### DATA SUPPLIED
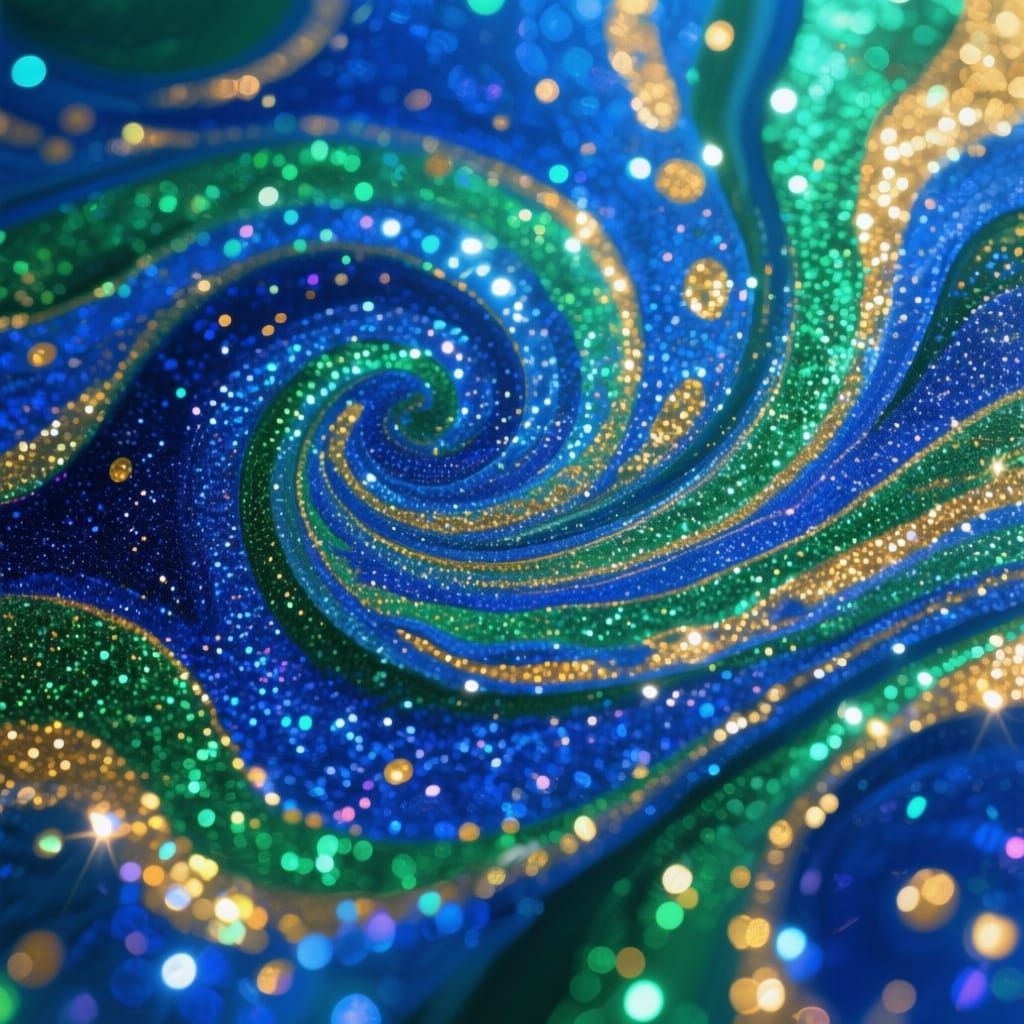 This abstract artwork features a mesmerizing glitter swirl in sapphire blue and emerald green, with gold accents. It evokes cosmic energy with dynamic textures and dramatic lighting.
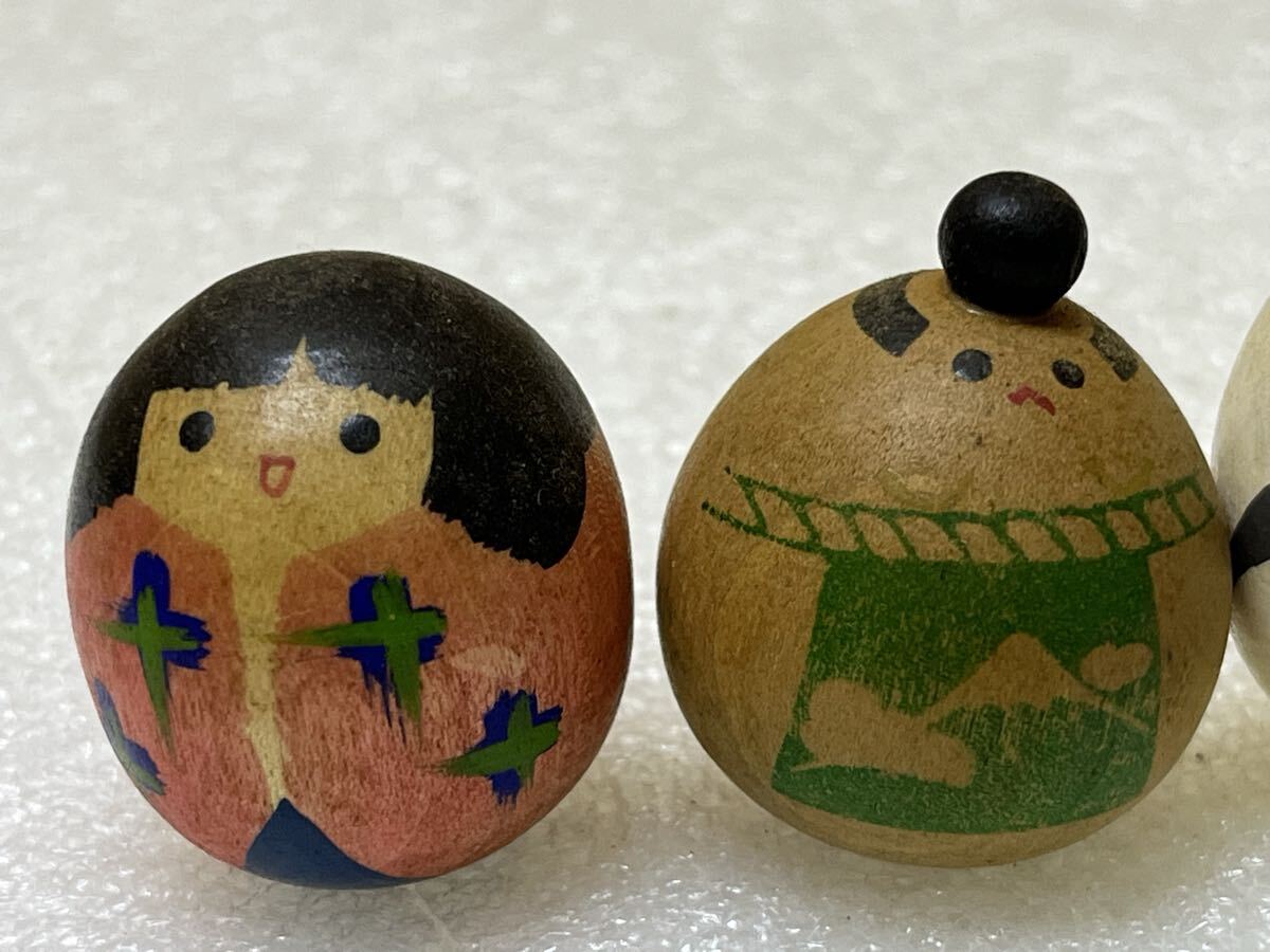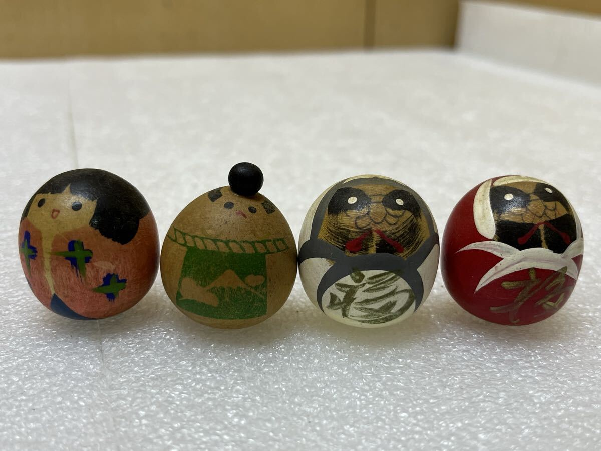 RE7637 可愛い伝統的な木製こけし ミニダルマさん 民藝 レトロ 現状品 1002
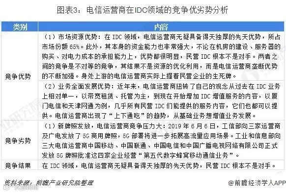 三、电信运营商具备得天独厚的先天优势 在IDC领域,电信运营商无疑具备得天独厚的先天优势,所占市场份额在50%以上。此外,其本身的资金能力也非常强大,不论在机房的建设、服务器的购买、对电力成本的承担能力上,优势都很明显,民营IDC根本不是对手。以下是电信运营商的优劣势分析:
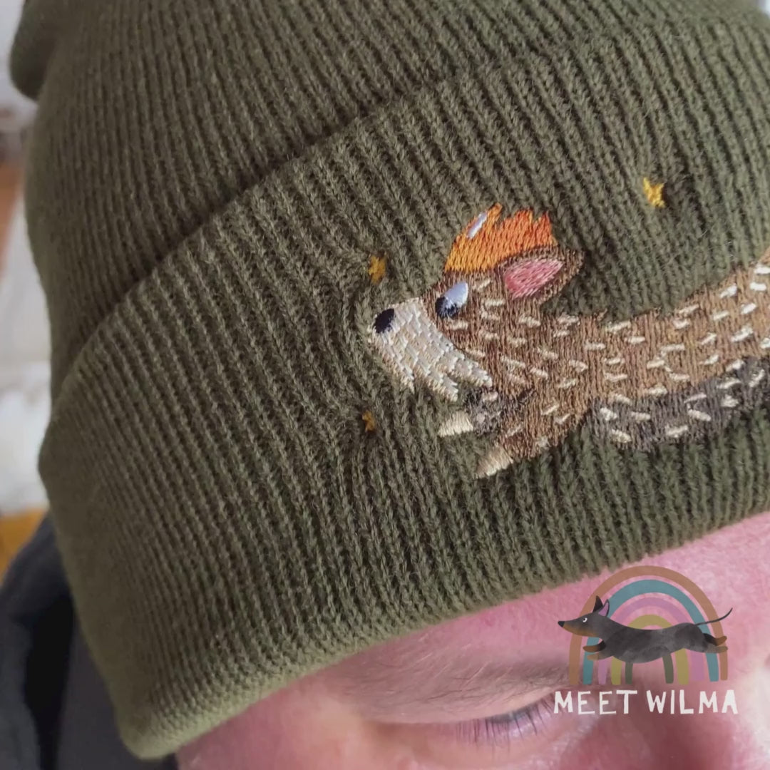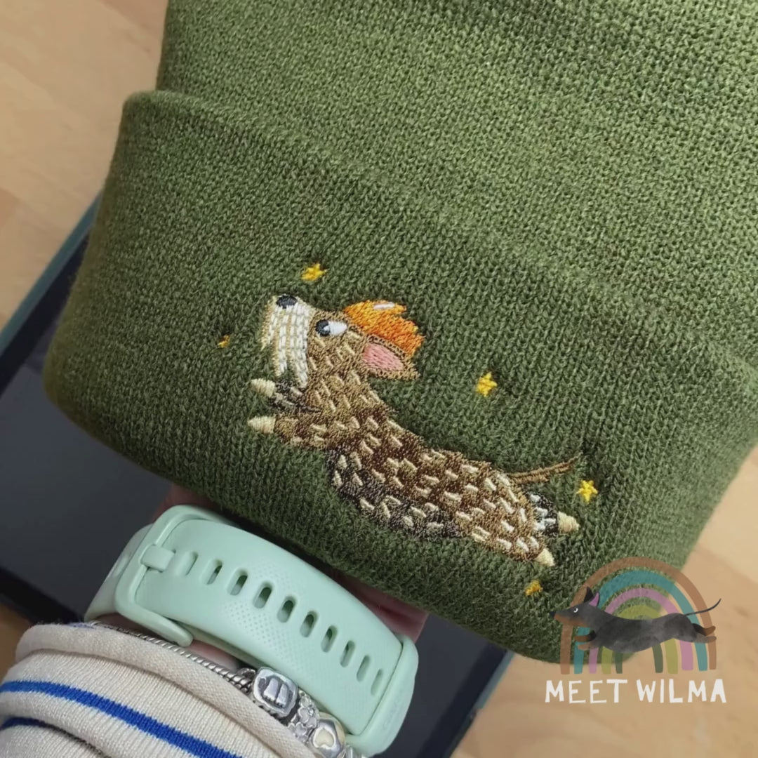 Head-warming and cute. This cuffed Beanie comes with a cute wire-haired Dachshund embroidery.
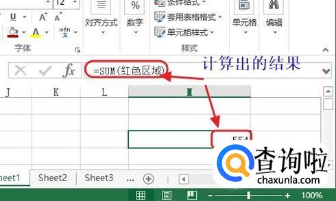 点击确定关闭这个窗口,然后我们在表格中任意一个空白单元格输入公式“=SUM(红色区域)”,这样即可快速计算出这些红色单元格的和了;
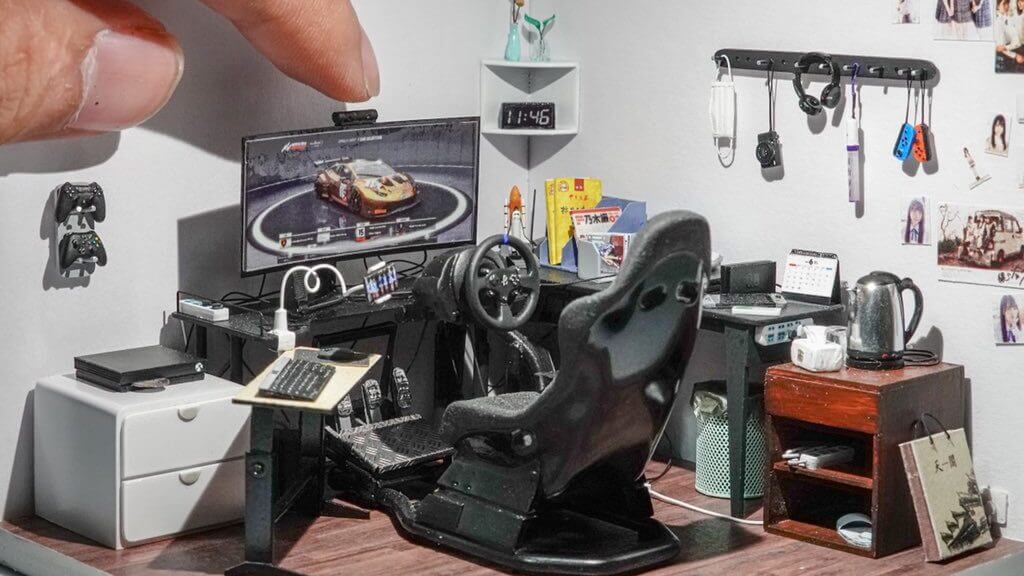 Like so many other keen sim racers, Twitter user XieLongLong spent over a month building their ideal rig, as part of a perfect space for gaming. Unlike everyone else however, this particular driving enthusiast made it in miniature – 1:24 scale, to be exact.
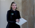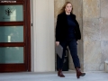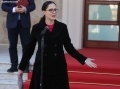 The Minister of Culture, Elva Margariti exiting the prime minister's office, after a government meeting.
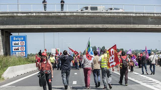 Fransa'daki yeni çalışma yasa tasarısının geri çekilmesini talep edien Fransız ve Belçikalı sendikacılar Belçika-Fransa sınında tasarıyı protesto etti.

### TRY IT
The result should hold only the lines from the line with "Like so many" through the final line of the records above, copied exactly, with pictures left out.

### SOLUTION
 Like so many other keen sim racers, Twitter user XieLongLong spent over a month building their ideal rig, as part of a perfect space for gaming. Unlike everyone else however, this particular driving enthusiast made it in miniature – 1:24 scale, to be exact.
 The Minister of Culture, Elva Margariti exiting the prime minister's office, after a government meeting.
 Fransa'daki yeni çalışma yasa tasarısının geri çekilmesini talep edien Fransız ve Belçikalı sendikacılar Belçika-Fransa sınında tasarıyı protesto etti.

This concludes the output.